The case was filed on May 17, 2000 [the 46th Anniversary of the landmark Brown V. Board of Education case] behalf of 46 students in 18 schools throughout the state and including 12 year old Samoan immigrant Eli Williams from San Francisco’s Burbank Middle School and later Balboa High School [both SF schools named in the suit].
The grievances ranged from lack of material needs like text books and computers to the inadequacy of teaching staff, unfair testing requirements and decaying facilities that wouldn't pass even minimal prison health inspections.

To emphasize the structural racism in the school finance system in California, the advocates emphasized that students of color in the 18 schools cited by the plaintiffs make up 96 percent of the student body, compared to the state average of 59 percent minority enrollment.

In August 2004, the state reached a $1 billion settlement in the case. The state agreed to immediately spend $188 million to buy books for and make repairs at the lowest-performing schools. The settlement also created a system for students and teachers to lodge complaints about substandard conditions, and imposed a 30-day deadline for resolving them.

But many say the reality of the Williams case settlement is far from its promise.

Sacramento Bee columnist Peter Schrag describs the Williams settlement in critical terms: "It moves things forward, but by inches, not by yards."
Schrag has been covering the Williams lawsuit since it was filed, and has also written a book, "Final Test: The Battle for Adequacy in America's Schools," on these lawsuits nationally. Read Schrag's essay.

CA SCHOOL BOARDS ASSOCIATION BUILDS AN ALLIANCE FOR FUNDING REFORM

Even mainstream groups like the California School Boards Association are now stepping into the mix in alliance with Children Now, the California League of Women Voters, the California Teachers Association and members of the state’s Education Coalition to coordinate a public dialogue about the concept of adequate funding.

I have been in the CSBA's delegate assembly governance body since 2001. At our early December meeting in San Diego we will be kicking off our statewide campaign.

Seeing the urgent need to move away from a system that simply provides schools a portion of the year’s available revenues rather than determining what funding is required to attain the expected student outcomes, education and child advocates, business leaders, good-government groups and others have joined a campaign to advocate for change.

According to CSBA: “The need for such a campaign became evident last year when settlement of the American Civil Liberties Union lawsuit against the state – Williams v. State of California – failed to produce any meaningful reform that would pull state funding for public education out of the downward spiral that began in the late 1970s. “Public school advocates have filed suit over education funding levels in a majority of states, but so far even those that have won legal victories have not actually increased the amount of money schools have at their disposal to improve educational offerings.”

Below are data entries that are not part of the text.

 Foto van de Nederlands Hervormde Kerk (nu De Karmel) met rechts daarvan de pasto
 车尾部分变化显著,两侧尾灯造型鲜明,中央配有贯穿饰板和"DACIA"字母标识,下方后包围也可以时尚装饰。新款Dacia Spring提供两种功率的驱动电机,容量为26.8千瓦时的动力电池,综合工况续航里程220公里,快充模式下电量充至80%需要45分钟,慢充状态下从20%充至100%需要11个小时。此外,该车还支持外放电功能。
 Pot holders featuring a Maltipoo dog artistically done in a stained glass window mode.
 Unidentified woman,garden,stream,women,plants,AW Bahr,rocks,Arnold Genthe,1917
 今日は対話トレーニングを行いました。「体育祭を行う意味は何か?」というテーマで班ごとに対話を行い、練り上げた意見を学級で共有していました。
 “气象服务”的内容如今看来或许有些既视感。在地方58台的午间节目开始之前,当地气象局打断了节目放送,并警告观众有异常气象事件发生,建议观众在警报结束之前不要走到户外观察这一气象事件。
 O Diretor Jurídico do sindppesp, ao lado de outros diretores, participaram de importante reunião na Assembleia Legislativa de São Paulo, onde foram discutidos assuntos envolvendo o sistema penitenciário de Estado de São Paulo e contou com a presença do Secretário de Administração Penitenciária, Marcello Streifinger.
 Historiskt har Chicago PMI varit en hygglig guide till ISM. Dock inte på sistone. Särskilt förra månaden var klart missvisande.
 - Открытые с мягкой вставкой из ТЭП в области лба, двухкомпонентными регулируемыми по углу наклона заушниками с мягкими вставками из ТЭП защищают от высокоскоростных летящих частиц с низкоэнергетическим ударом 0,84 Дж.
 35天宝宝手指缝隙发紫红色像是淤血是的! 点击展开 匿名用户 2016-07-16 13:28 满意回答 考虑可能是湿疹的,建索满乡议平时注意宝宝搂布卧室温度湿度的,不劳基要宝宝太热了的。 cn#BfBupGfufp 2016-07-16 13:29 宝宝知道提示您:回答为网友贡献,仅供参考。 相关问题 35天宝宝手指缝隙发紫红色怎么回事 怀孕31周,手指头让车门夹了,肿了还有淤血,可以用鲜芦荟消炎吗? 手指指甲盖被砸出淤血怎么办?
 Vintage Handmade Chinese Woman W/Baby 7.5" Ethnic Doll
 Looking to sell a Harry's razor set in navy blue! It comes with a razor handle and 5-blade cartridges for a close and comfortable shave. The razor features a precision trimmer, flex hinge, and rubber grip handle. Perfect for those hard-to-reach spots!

* California ranks 44th in the nation in per-pupil funding despite
being the sixth largest economy in the world.
* California has among the highest expectations in the nation for its students and public schools, and its more than 6 million schoolchildren come from the most diverse backgrounds and circumstances.


“An investment in students and K-12 public education is an investment in children, the economy, society and democracy. Unfortunately, California’s investment over the past 20 years has been woefully inadequate,” said CSBA Executive Director Scott P. Plotkin. “We’re optimistic that we will be able to move past the divisive politics that have bogged this conversation down in the past and have a rational conversation about our public education goals, activities and resources.”